From the userspace, an application can do a setsockopt() on an MPTCP
socket, and typically the same value will be propagated to all subflows
(paths). If someone wants to have different values per subflow, the
recommended way is to use BPF. So it is good to add such example here,
and make sure there is no regressions.

This example shows how it is possible to:

Identify the parent msk of an MPTCP subflow.
Put different sockopt for each subflow of a same MPTCP connection.

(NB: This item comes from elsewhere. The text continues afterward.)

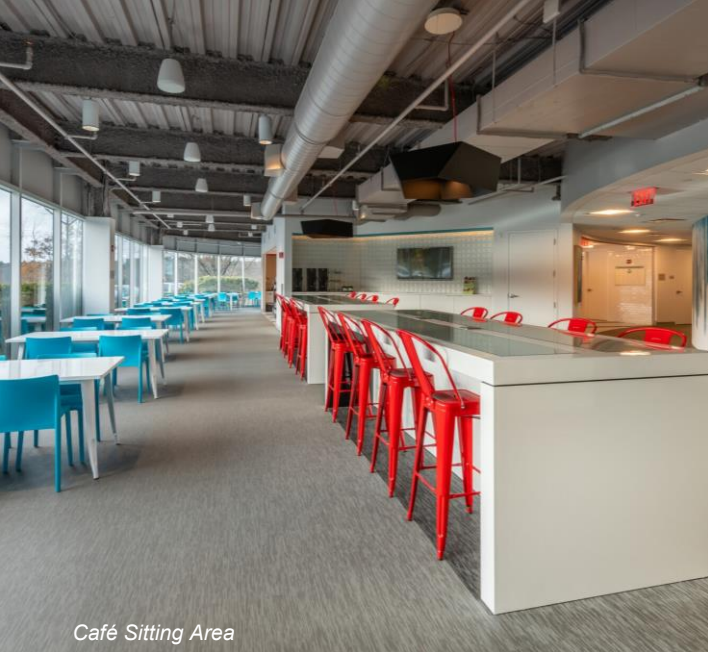
Café Sitting Area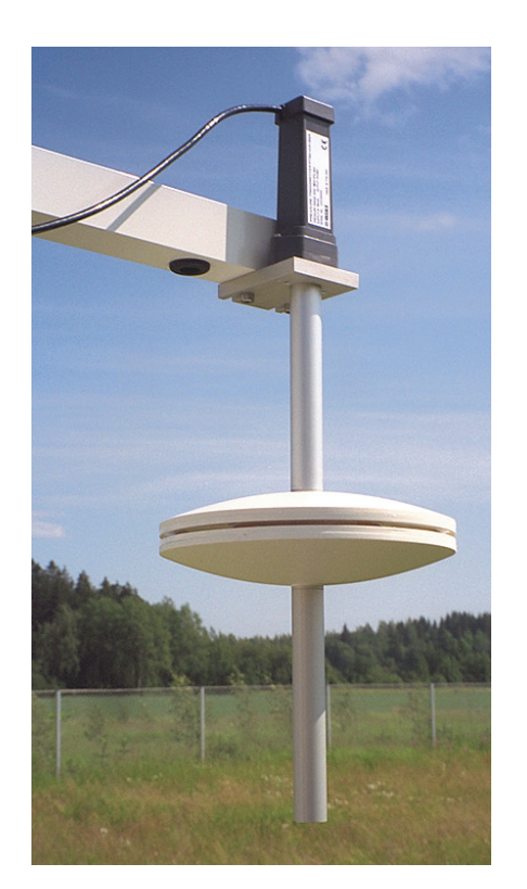
SPH10/20 is easy to install and connect. In the picture, SPH10 is connected to PTB210.

SPH10/20 Static Pressure Heads minimize the effects of wind on barometric pressure readings.

Here especially, two different behaviours are implemented:

A socket mark (SOL_SOCKET SO_MARK) is put on each subflow of a same
MPTCP connection. The order of creation of the current subflow defines
its mark. The TCP CC algorithm of the very first subflow of an MPTCP
connection is set to "reno".

This is just to show it is possible to identify an MPTCP connection, and
set socket options, from different SOL levels, per subflow. "reno" has
been picked because it is built-in and usually not set as default one.
It is easy to verify with 'ss' that these modifications have been
applied correctly. That's what the next patch is going to do.

Nicolas' code comes from:

commit 4d120186e4d6 ("bpf:examples: update mptcp_set_mark_kern.c")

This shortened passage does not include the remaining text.